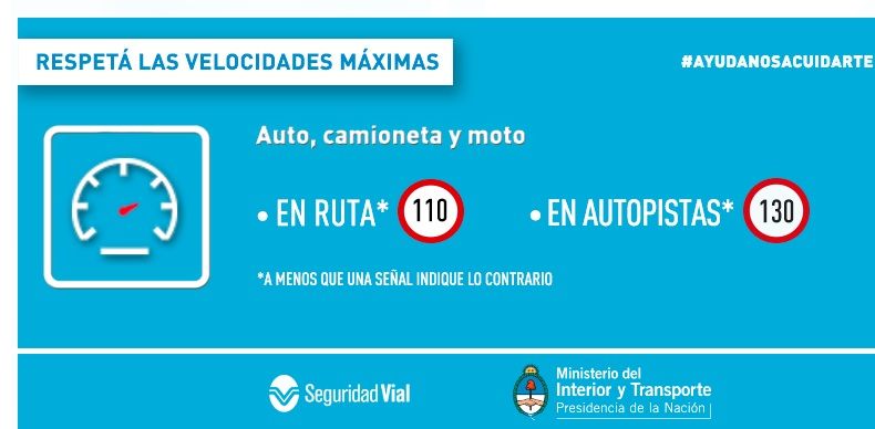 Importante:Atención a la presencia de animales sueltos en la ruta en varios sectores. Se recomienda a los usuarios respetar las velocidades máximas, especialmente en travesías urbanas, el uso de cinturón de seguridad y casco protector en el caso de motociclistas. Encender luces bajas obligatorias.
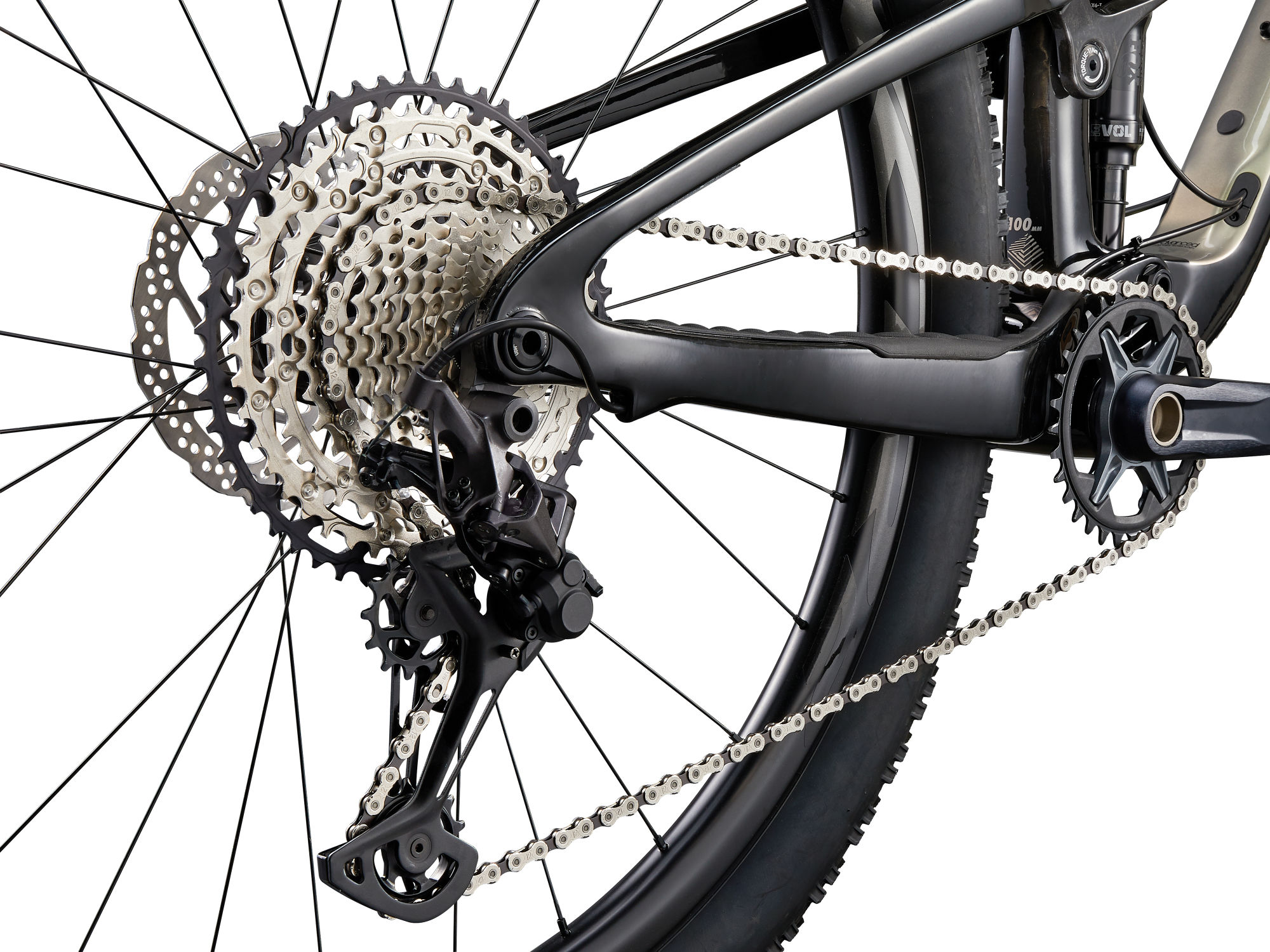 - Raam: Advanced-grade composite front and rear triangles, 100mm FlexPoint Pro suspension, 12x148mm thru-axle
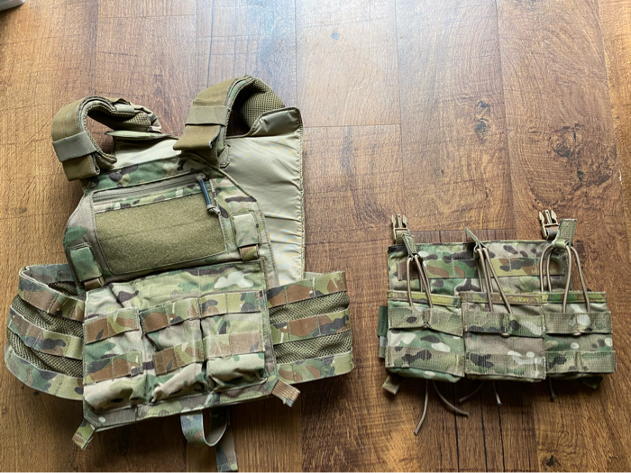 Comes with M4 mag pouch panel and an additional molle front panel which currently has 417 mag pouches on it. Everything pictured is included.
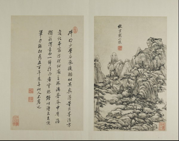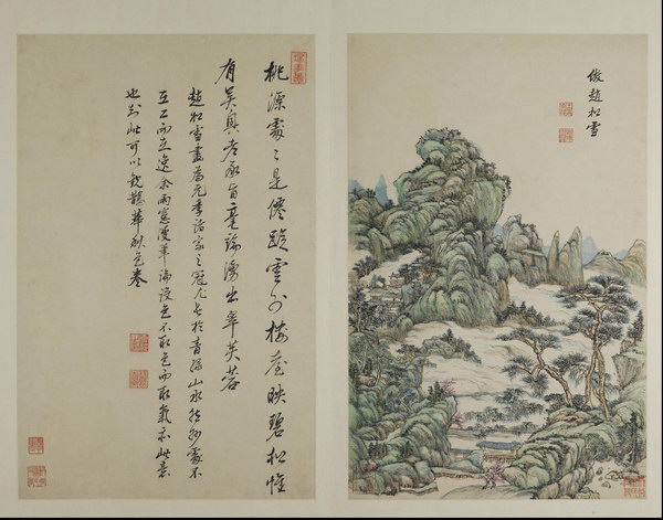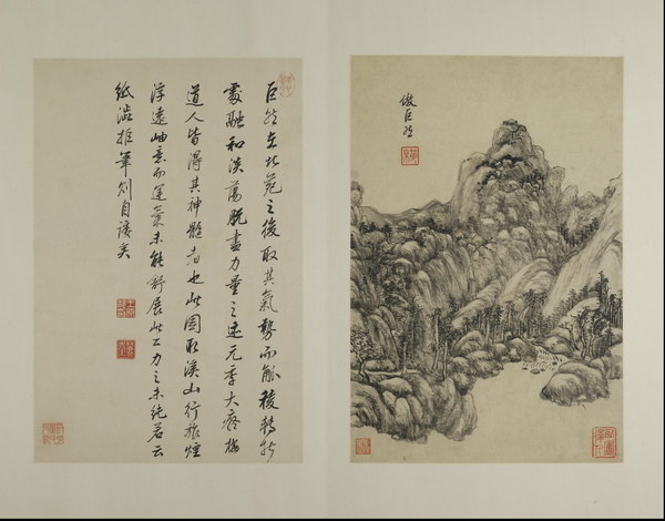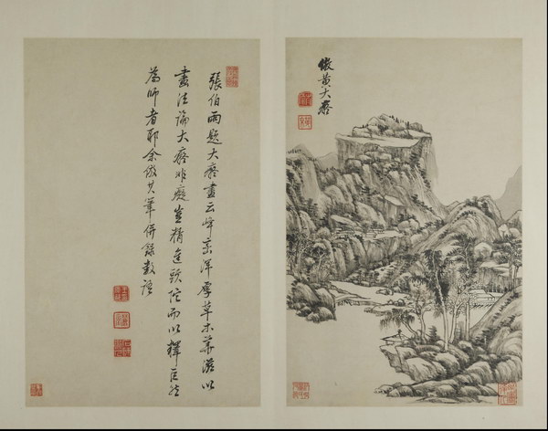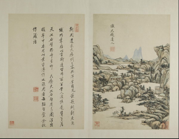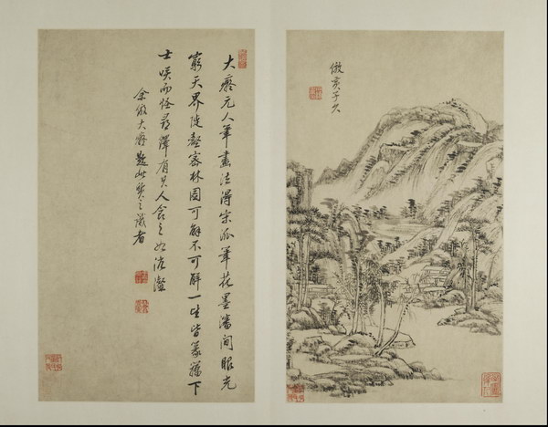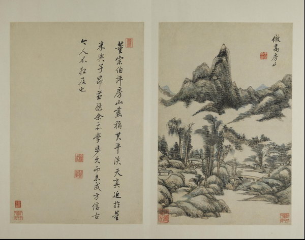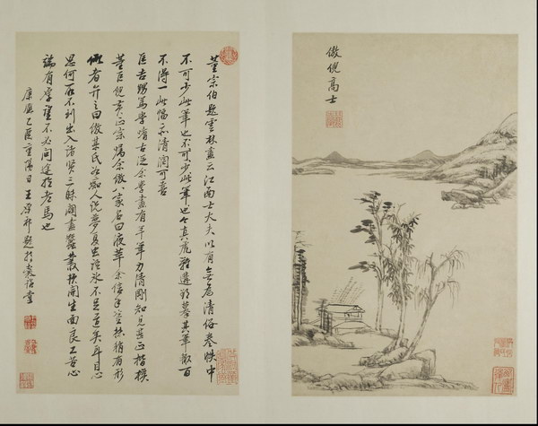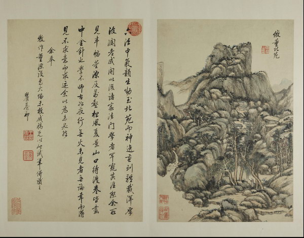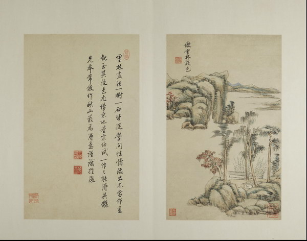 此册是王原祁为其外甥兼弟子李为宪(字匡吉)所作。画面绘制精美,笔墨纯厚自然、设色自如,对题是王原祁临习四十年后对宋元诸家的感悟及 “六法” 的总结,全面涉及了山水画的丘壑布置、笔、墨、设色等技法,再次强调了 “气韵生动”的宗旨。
---
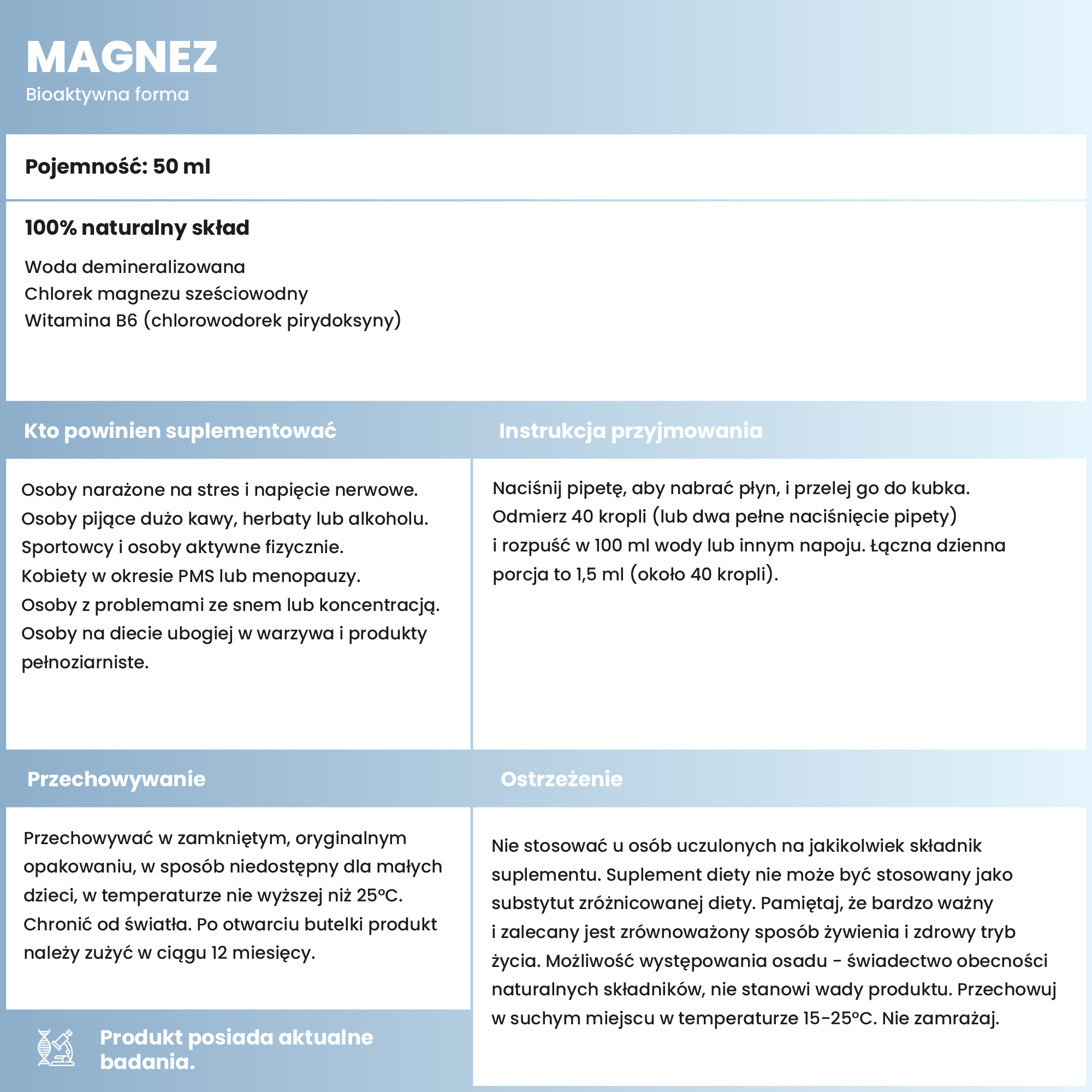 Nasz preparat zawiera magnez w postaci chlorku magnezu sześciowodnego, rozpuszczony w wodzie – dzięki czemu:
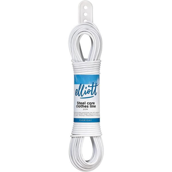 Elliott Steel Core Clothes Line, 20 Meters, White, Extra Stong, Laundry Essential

▶ _WHAT NEEDS TO BE DONE_
Copy the lines above exactly, starting with the line that contains "Nasz preparat zawiera" and ending with the line that contains "Elliott Steel Core", and leave out any pictures.

▶ _TASK OUTPUT_
 Nasz preparat zawiera magnez w postaci chlorku magnezu sześciowodnego, rozpuszczony w wodzie – dzięki czemu:
 Elliott Steel Core Clothes Line, 20 Meters, White, Extra Stong, Laundry Essential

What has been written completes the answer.